THE PROBLEM: Extract the stretch of lines that starts at the line with "まだ毛皮がモコッてるシロクンには暑いみたいだ" and ends at the last line of the data below. Give it exactly, without pictures.

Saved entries

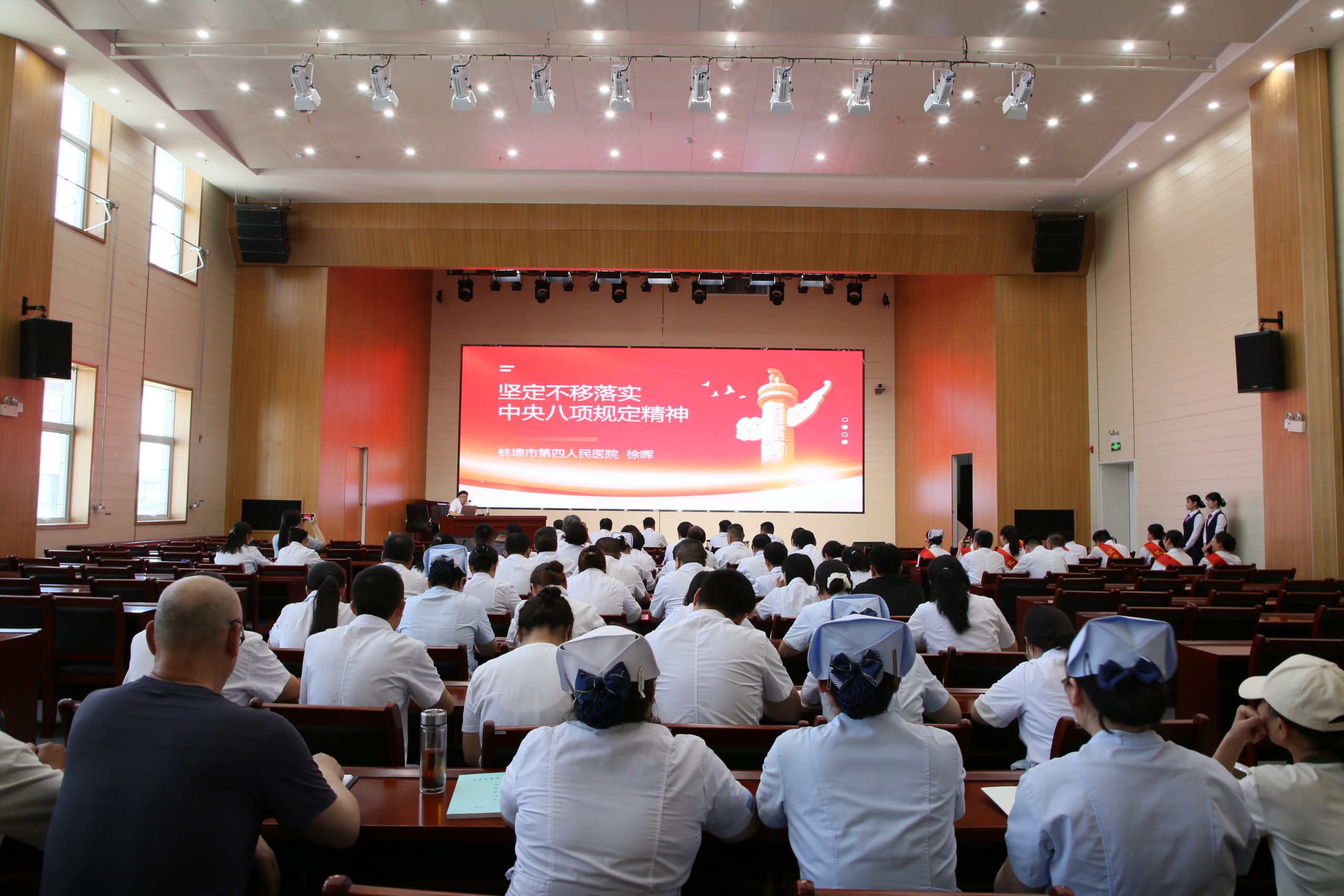 为庆祝中国共产党成立104周年,表彰先进典型,进一步动员和激励全院党员、中层干部踔厉奋发、勇毅前行,擘画医疗事业发展新篇,6月30日,蚌埠市第四人民医院(市康复医院)召开“七一”表彰大会暨党课报告会。大会表彰了我院优秀共产党员、优秀党务工作者和先进基层党组织,院党总支书记徐晖在会上讲授关于深入贯彻中央八项规定精神学习教育专题党课。全体党员、中层干部参加会议。大会由党总支副书记、院长施彪主持。
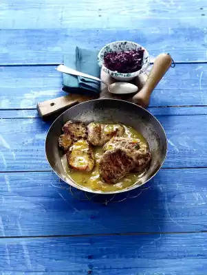 Heat 1 tablespoon of oil in a frying pan, fry the escalopes for about 2 minutes on each side, remove. Add thyme to the frying oil and fry briefly. Deglaze with juice and 250 ml water. Add broth and grated skin, simmer for about 5 minutes. Stir starch with a little water until smooth, thicken sauce with it. Season to taste with salt, pepper and honey. Refine red cabbage with jelly. Warm the cutlets in the sauce. Add red cabbage. Tastes good with mashed potatoes or ciabatta bread
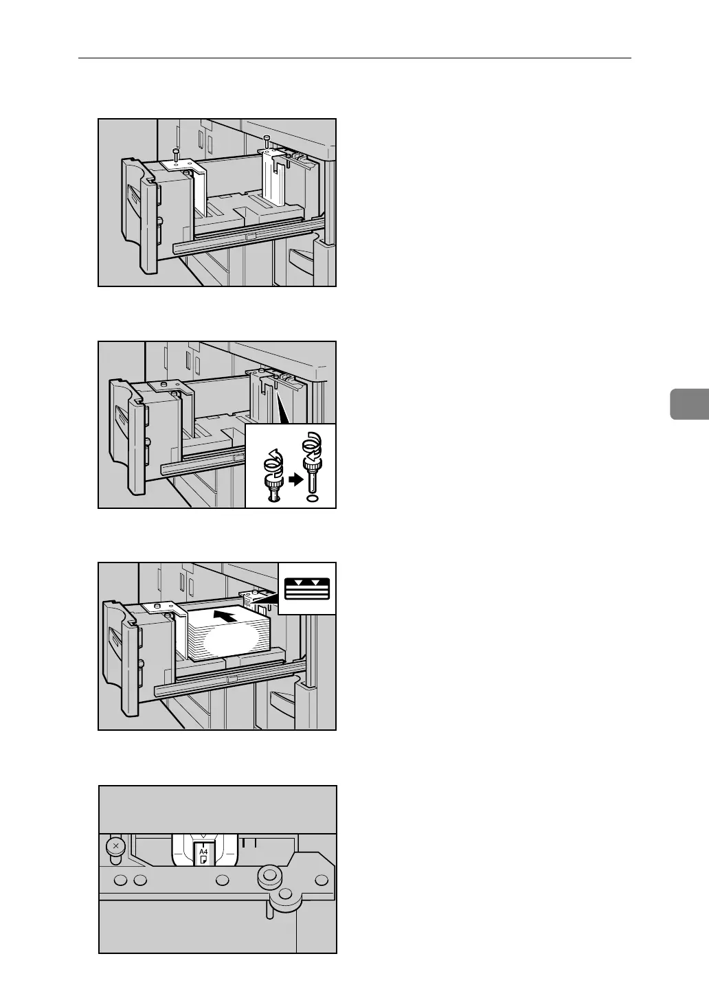 F Square the paper and set it in the tray.
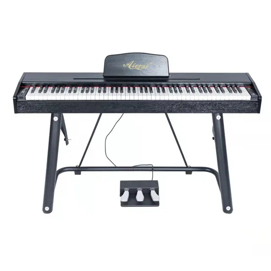 Appearance: simple vertical style, no cover design, beautiful and generous.Source: french DREAM source, built-in 88songs, 100 rhythms, 128 timbres.Functions: superimposed sound effect, keyboard split, digital sound effect,built-in timbre, mathematical function, metronome, real-time recording,modulation, toning function, comprehensive chord, MP3 playback.
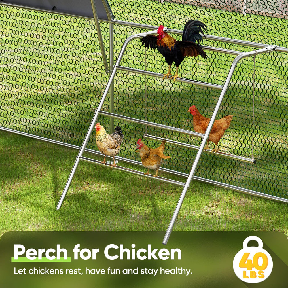 【Built-In Roosting Ladder & Swing Set】- Features a semi-detached roosting ladder for extra perching space (promoting exercise and hygiene) plus an enrichment swing. Delivers exceptional value by combining affordability with poultry comfort.
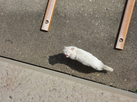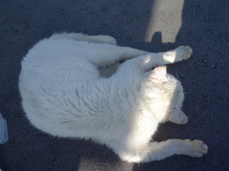まだ毛皮がモコッてるシロクンには暑いみたいだ
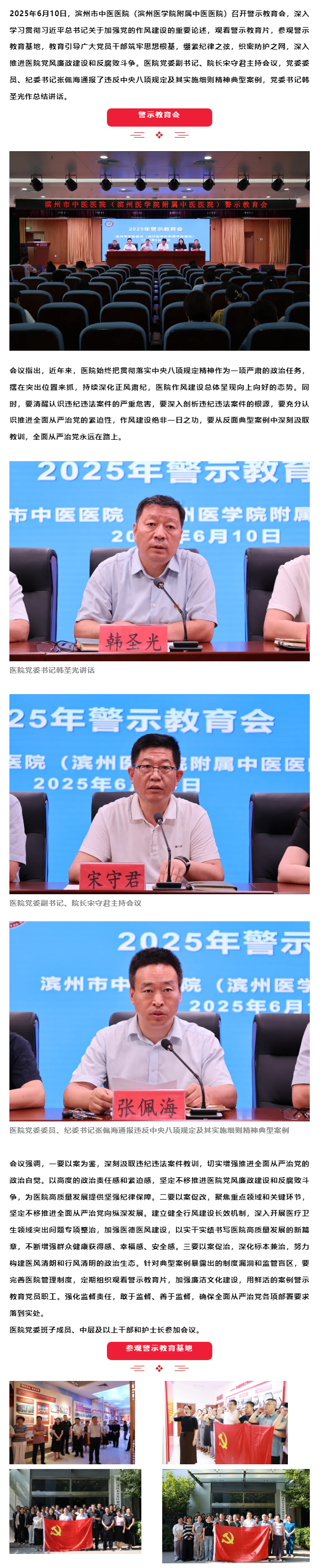 滨州市中医医院(滨州医学院附属中医医院)召开警示教育会,以案为鉴筑牢纪律防线

RESPONSE:
まだ毛皮がモコッてるシロクンには暑いみたいだ
 滨州市中医医院(滨州医学院附属中医医院)召开警示教育会,以案为鉴筑牢纪律防线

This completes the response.